ABOUT THIS TASK — All lines in the records below from the line with "Cutie Cadou 3/Set" through the line with "GERMANA' MIMMO (1944" are to be given again exactly, both ends included; the pictures are to be left out.

SUPPLIED INFORMATION —
++++++++++

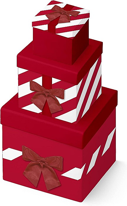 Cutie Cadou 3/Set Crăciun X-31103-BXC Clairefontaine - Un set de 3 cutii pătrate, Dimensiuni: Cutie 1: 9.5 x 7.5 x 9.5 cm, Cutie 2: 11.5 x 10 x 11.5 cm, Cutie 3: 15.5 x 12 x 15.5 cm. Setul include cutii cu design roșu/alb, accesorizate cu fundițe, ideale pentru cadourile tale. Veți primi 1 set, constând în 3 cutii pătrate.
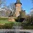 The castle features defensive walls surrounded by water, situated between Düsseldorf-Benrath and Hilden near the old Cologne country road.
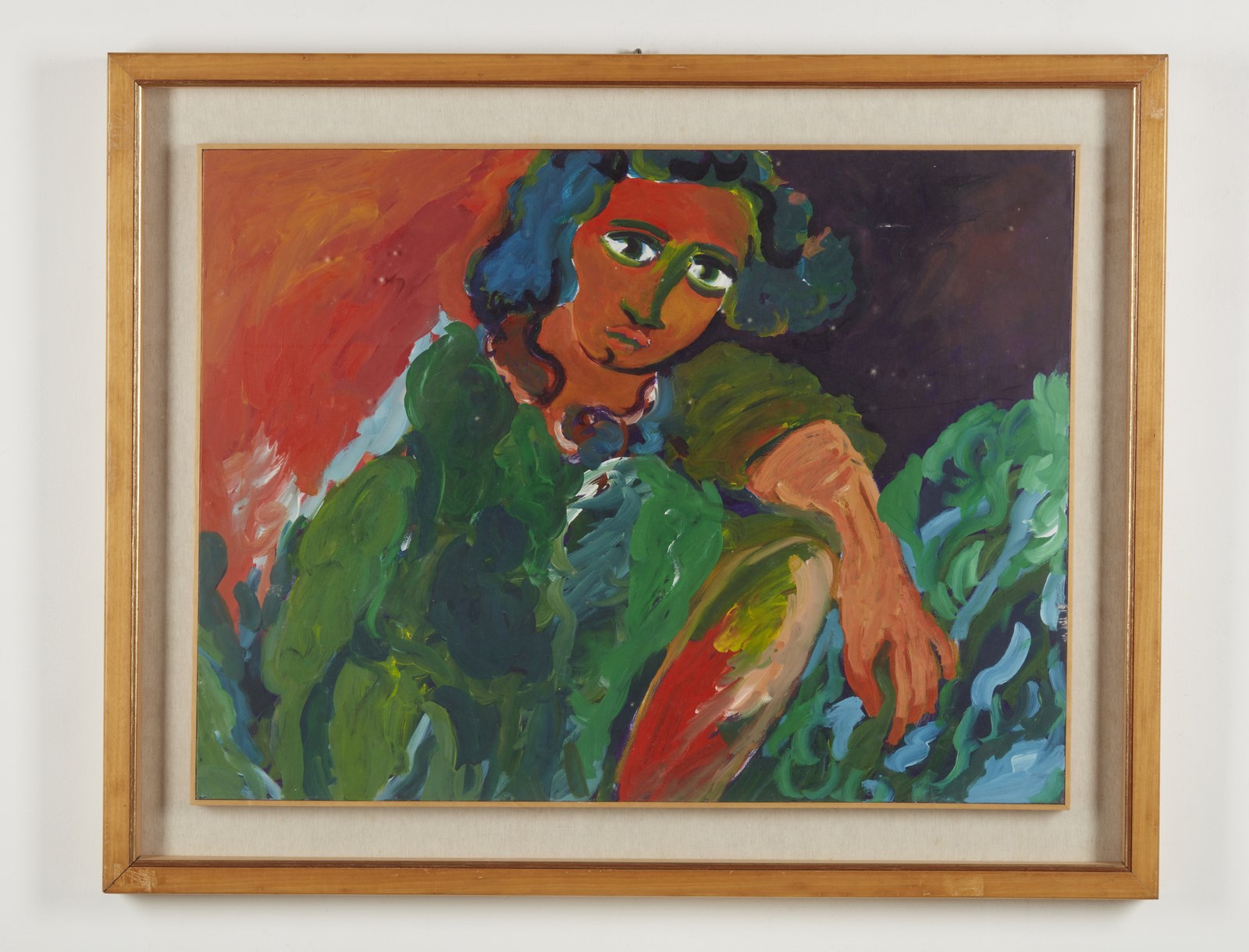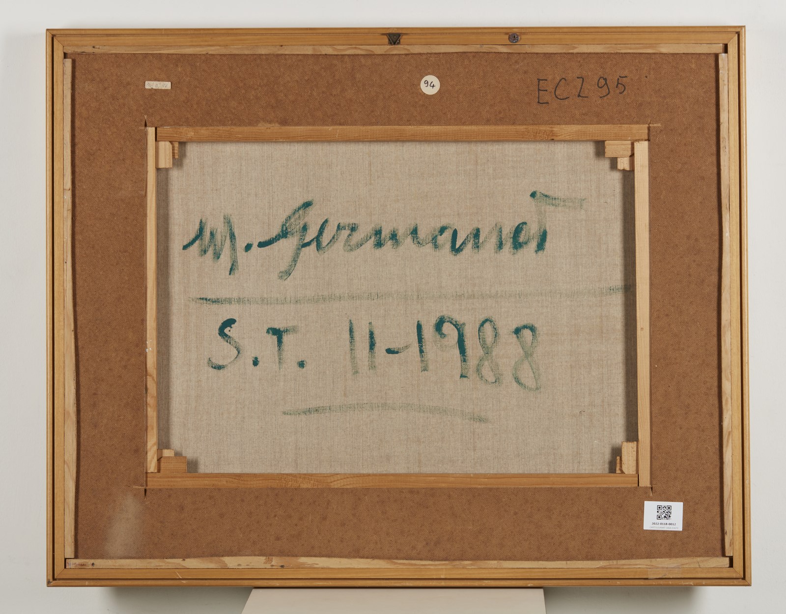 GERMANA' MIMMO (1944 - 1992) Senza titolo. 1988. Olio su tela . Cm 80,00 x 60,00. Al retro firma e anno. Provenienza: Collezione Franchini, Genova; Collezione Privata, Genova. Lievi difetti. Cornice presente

++++++++++

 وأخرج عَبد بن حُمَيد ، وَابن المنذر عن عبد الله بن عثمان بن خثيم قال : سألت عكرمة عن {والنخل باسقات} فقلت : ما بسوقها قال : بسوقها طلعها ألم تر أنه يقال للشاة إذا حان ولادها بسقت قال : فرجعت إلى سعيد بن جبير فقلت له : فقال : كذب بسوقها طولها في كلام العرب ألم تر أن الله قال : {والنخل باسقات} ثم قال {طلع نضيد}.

++++++++++

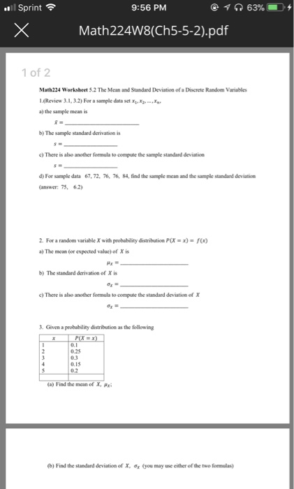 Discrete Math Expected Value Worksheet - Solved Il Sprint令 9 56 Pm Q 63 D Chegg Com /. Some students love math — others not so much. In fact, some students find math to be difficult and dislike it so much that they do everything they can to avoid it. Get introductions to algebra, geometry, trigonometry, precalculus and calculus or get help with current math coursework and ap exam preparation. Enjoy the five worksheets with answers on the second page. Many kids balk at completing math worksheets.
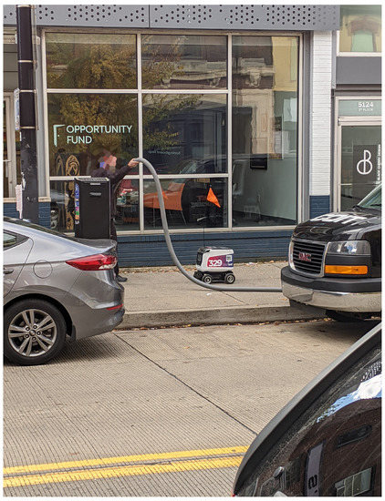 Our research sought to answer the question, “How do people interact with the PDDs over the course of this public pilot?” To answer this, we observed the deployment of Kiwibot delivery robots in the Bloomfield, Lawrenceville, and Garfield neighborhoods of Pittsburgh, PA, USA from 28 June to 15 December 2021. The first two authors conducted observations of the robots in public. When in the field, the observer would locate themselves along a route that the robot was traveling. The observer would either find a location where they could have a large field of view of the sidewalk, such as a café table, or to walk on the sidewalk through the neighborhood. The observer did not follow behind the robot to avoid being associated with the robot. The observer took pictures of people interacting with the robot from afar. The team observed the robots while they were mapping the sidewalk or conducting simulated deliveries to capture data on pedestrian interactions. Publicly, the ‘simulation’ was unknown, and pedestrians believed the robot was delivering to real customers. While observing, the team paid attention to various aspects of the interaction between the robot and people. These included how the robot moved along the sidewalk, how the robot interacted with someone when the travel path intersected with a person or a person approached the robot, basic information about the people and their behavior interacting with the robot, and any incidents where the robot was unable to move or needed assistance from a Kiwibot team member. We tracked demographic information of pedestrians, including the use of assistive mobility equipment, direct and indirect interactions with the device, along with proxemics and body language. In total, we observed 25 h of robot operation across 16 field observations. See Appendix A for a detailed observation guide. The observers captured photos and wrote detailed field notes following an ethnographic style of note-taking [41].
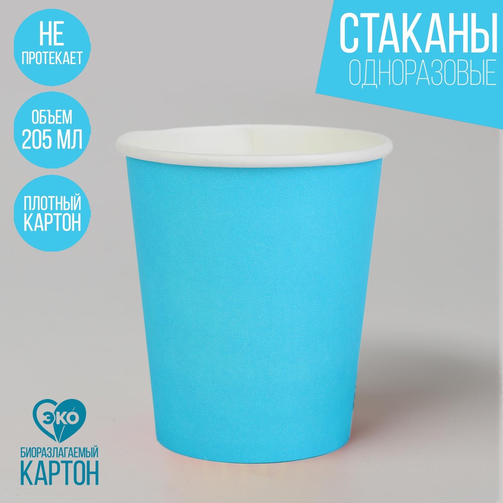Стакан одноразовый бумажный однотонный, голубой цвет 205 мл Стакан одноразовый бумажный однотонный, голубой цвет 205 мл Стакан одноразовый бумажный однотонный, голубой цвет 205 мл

++++++++++

WRITTEN ANSWER —
 Cutie Cadou 3/Set Crăciun X-31103-BXC Clairefontaine - Un set de 3 cutii pătrate, Dimensiuni: Cutie 1: 9.5 x 7.5 x 9.5 cm, Cutie 2: 11.5 x 10 x 11.5 cm, Cutie 3: 15.5 x 12 x 15.5 cm. Setul include cutii cu design roșu/alb, accesorizate cu fundițe, ideale pentru cadourile tale. Veți primi 1 set, constând în 3 cutii pătrate.
 The castle features defensive walls surrounded by water, situated between Düsseldorf-Benrath and Hilden near the old Cologne country road.
 GERMANA' MIMMO (1944 - 1992) Senza titolo. 1988. Olio su tela . Cm 80,00 x 60,00. Al retro firma e anno. Provenienza: Collezione Franchini, Genova; Collezione Privata, Genova. Lievi difetti. Cornice presente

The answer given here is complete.